Since our first report in March 2013, a wider pool of employees than ever before now has access to company pension
schemes through auto-enrolment – now totalling over 5.2 million people1. Of these members, 4.5 million sit within DC
schemes, with 300 such schemes available for auto-enrolment2.
This report analyses the asset class mix of the default funds of FTSE companies’ pension schemes, examining different
strategies, and identifying short-term and long-term trends from over the last two years.
The DC default funds of 30 FTSE 100 and 35 FTSE 250 companies have been researched for this project. Unless
otherwise stated the source of the charts and tables were from research undertaken by Instinctif Partners on behalf of
Schroders.
The next Schroders FTSE Default DC Schemes Report will be published in October 2015.
1
Source: The Pensions Regulator: Automatic Enrolment Declaration of Compliance Report (March 2015).
2
Source: Both figures in this sentence relate to The Pensions Regulator (Annual Statistics, 1 January 2015).
2
Schroders’ 5th FTSE DC report shows significant
diversification of investment
We have been analysing the investment strategies of the UK’s top 350 listed companies’ default DC pension funds every
six months since spring 2013, with this being our fifth edition of the research. While our initial findings reported little
evidence of diversification, this report – our most recent – suggests FTSE firms may have turned a corner.
In particular, FTSE 350 firms are reducing their reliance on developed equities, and starting to spread investment more
evenly across different asset classes.

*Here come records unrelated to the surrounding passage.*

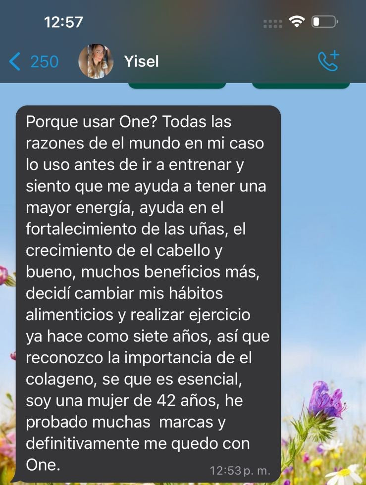 Porque usar One? Todas las razones de el mundo en mi caso lo uso antes de ir a entrenar y siento que me ayuda a tener una mayor energía, ayuda en el fortalecimiento de las uñas, el crecimiento de el cabello y bueno, muchos beneficios más, decidí cambiar mis hábitos alimenticios y realizar ejercicio ya hace como siete años, así que reconozco la importancia de el colageno, se que es esencial, soy una mujer de 42 años, he probado muchas marcas y definitivamente me quedo con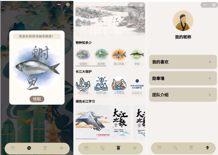 小程序第三页分为物种知多少、长江大保护、绿色长江学习三个科普板块。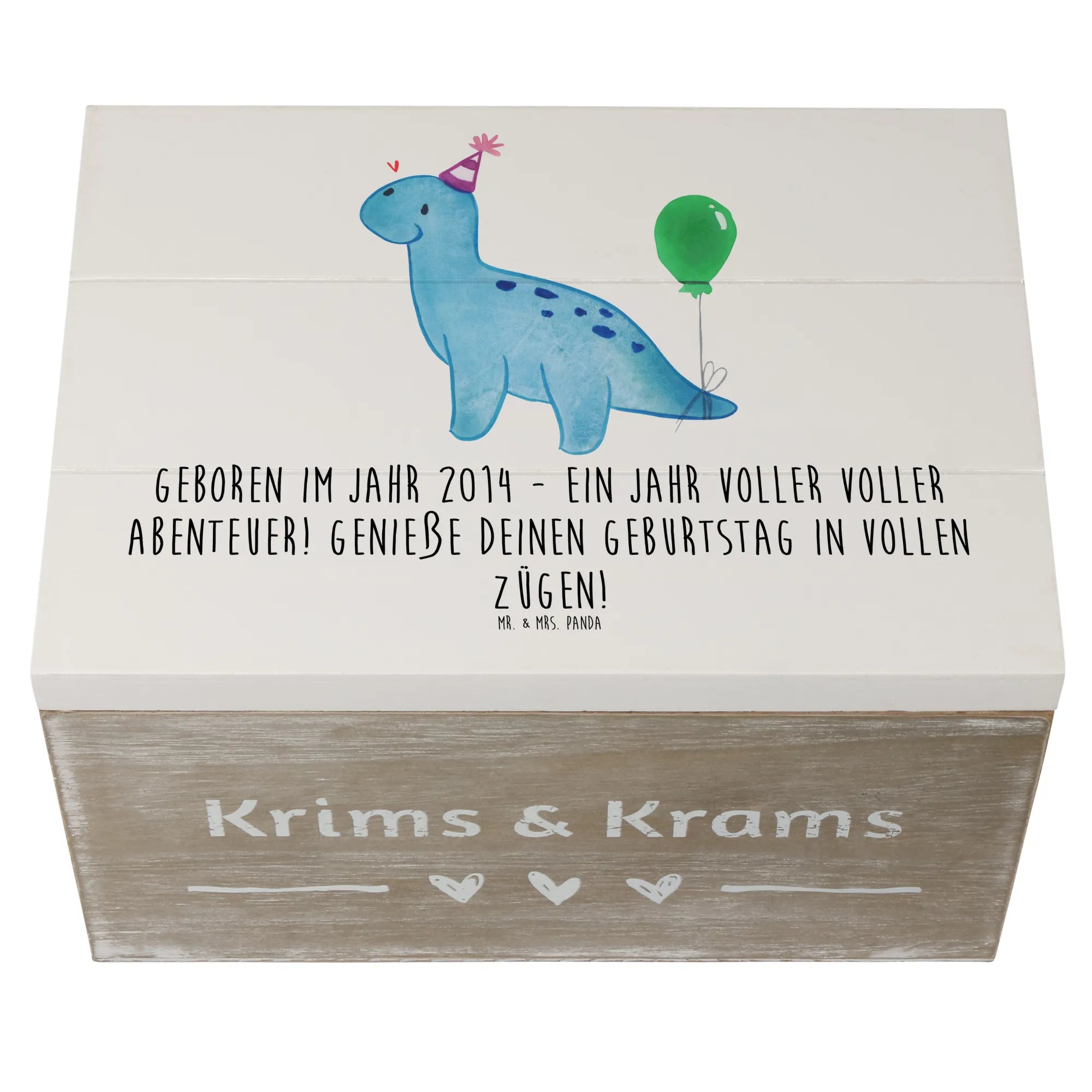 Die wunderschöne Holzkiste von Mr. & Mrs. Panda ist das perfekte Geschenk für alle, die im Jahr 2014 das Licht der Welt erblickt haben. Ob zum Geburtstag, zur Kommunion oder einfach als liebevolles Erinnerungsstück, diese Kiste wird mit Sicherheit Herzen höher schlagen lassen! Bedruckt mit dem liebevollen Slogan 'Geboren im Jahr 2014 - ein Jahr voller Abenteuer! Genieße deinen Geburtstag in vollen Zügen!' erzählt sie nicht nur Geschichten, sondern begleitet auch die neuen Abenteuer und Erinnerungen, die im Laufe der Jahre entstehen.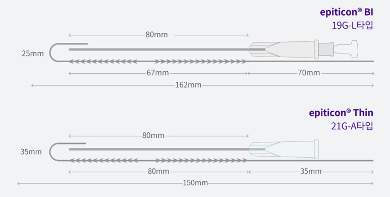 보통 니들의 끝이 뭉툭한 것을 '캐뉼라'라고 합니다. 캐뉼라의 장점이라면 니들을 삽입할 때 혈관, 신경 손상을 크게 줄여주어 시술 후 멍이나 붓기가 심하지 않다는 장점을 가지고 있습니다.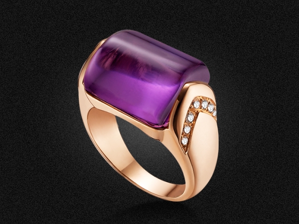 Cocktail戒指,18K玫瑰金材质,镶嵌紫水晶,饰以密镶钻石。http://mmbiz.qpic.cn/mmbiz/osv7xnooomGhhBP8J3wRG93SxXgPDCspBHyiaZaic1qAaGWt0e0phb9ePZicOEczOibjCsDAfrDAhNjIaoBtvnEA8w/0?wxfrom=5宝格丽经典之彩宝款(全集)" TITLE="【珠宝知识】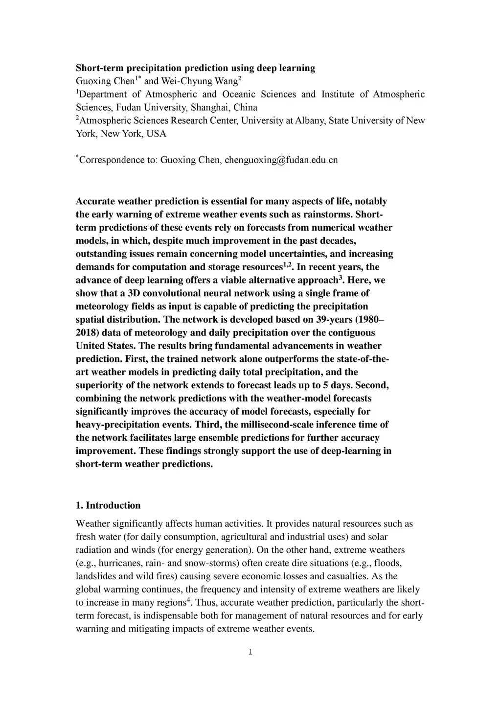 Accurate weather prediction is essential for many aspects of life, notably the early warning of extreme weather events such as rainstorms. Short-term predictions of these events rely on forecasts from numerical weather models, in which, despite much improvement in the past decades, outstanding issues remain concerning model uncertainties, and increasing demands for computation and storage resources. In recent years, the advance of deep learning offers a viable alternative approach. Here, we show that a 3D convolutional neural network using a single frame of meteorology fields as input is capable of predicting the precipitation spatial distribution. The network is developed based on 39-years (1980-2018) data of meteorology and daily precipitation over the contiguous United States. The results bring fundamental advancements in weather prediction. First, the trained network alone outperforms the state-of-the-art weather models in predicting daily total precipitation, and the superiority of the network extends to forecast leads up to 5 days. Second, combining the network predictions with the weather-model forecasts significantly improves the accuracy of model forecasts, especially for heavy-precipitation events. Third, the millisecond-scale inference time of the network facilitates large ensemble predictions for further accuracy improvement. These findings strongly support the use of deep-learning in short-term weather predictions.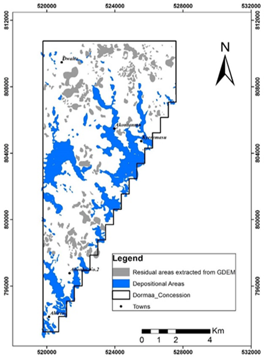 The spatial distribution of the identified regolith materials extracted from the remotely sensed images during the landform mapping have been outlined below. The residual and depositional regolith regimes extracted from the GDEM are shown in Figure 2 and Figure 3 respectively. The extracted classes from the GDEM were unable to distinguish the residual materials with little or no drift from the data. Similarly, the proximal and distal sediments were indistinguishable from the image interpretations. This was noted by Tapley (2002) and Arhin et al. (2015) when they indicated that no single remote sensing image processing and interpretation can wholly define all the regolith regimes. The first RLU map made up of both the extracted residual and depositional units were presented in Figure 4.

Allocation to developed equities now averages 71%, compared to 79% two years
ago, reflecting a trend to rebalancing asset weighting since 2013.
However, FTSE 100 firms stand slightly further along the diversification path than their 250 counterparts, with average
weighting to developed equities of 69%, compared to 73% among FTSE 250 firms, although across the board significant
improvements have been made.
Over the last twelve months, the move away from developed equities has allowed a significantly heavier weighting towards
fixed income asset classes, with 29% of FTSE firms having some weighting to this asset class, compared to just 3% a year
ago.
Last year proved to be a seminal time for the pensions industry, with the pension freedoms announced in the 2014 Budget
allowing retirees more freedom over their pension funds than ever before. In March, the Chancellor turned his attention to
those pensioners who had already invested in an annuity – proposing a future framework allowing them to sell these on if
desired. With the Conservatives winning a narrow majority in the recent General Election, and David Cameron returning to
Downing St, the pension freedoms will now become entrenched into statute, and further changes will likely follow.
Meanwhile, auto-enrolment has massively boosted pension scheme membership, and over 5.2 million employees now
have access to a company pension. This means investment strategy is relevant to more of the population than ever before,
and is under greater scrutiny as a result.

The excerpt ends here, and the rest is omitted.